**What this task involves:** Pictures stay out. Extract the lines below from the first one through the line with "BOOHOO Petite Sequin Twist Front Maxi Dress", both included.

**Collected material:**
*****

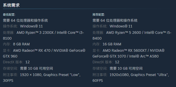 显卡:AMD Radeon™ RX 5600XT / NVIDIA® GeForce® GTX 1070 / Intel® Arc™ A580
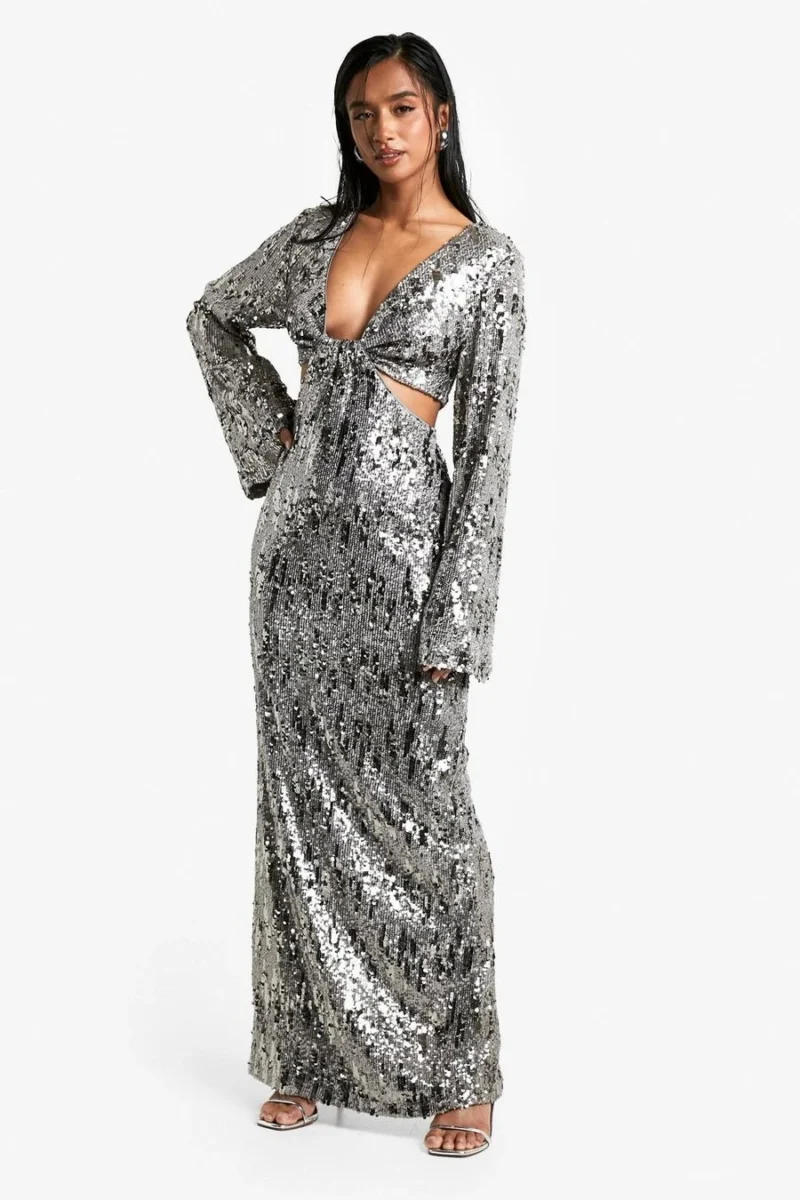 BOOHOO Petite Sequin Twist Front Maxi Dress
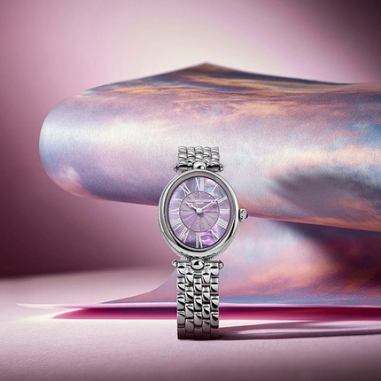 Корпус: Корпус овальной формы из 3 частей выполнен из нержавеющей стали марки 316L, поверхности с финишной полировкой. Циферблат из перламутра с гильошированием в стиле “капли воды”. Печать римских цифр в винтажном стиле и фигурные стрелки с покрытием цвета родия отполированные вручную. Сапфировое стекло выпуклой формы имеет повышенную устойчивость к возникновению царапин. Боковая поверхность имеет насечку в стиле “ребро монеты”. Переводная коронка украшена кабошоном. Задняя крышка соединяется с корпусом при помощи 4 винтов. Ширина корпуса модели составляет 25 мм, высота - 30 мм, толщина – 6,8 мм. Водостойкость 30 метров (3 АТМ).

*****

**Exercise response:**
 显卡:AMD Radeon™ RX 5600XT / NVIDIA® GeForce® GTX 1070 / Intel® Arc™ A580
 BOOHOO Petite Sequin Twist Front Maxi Dress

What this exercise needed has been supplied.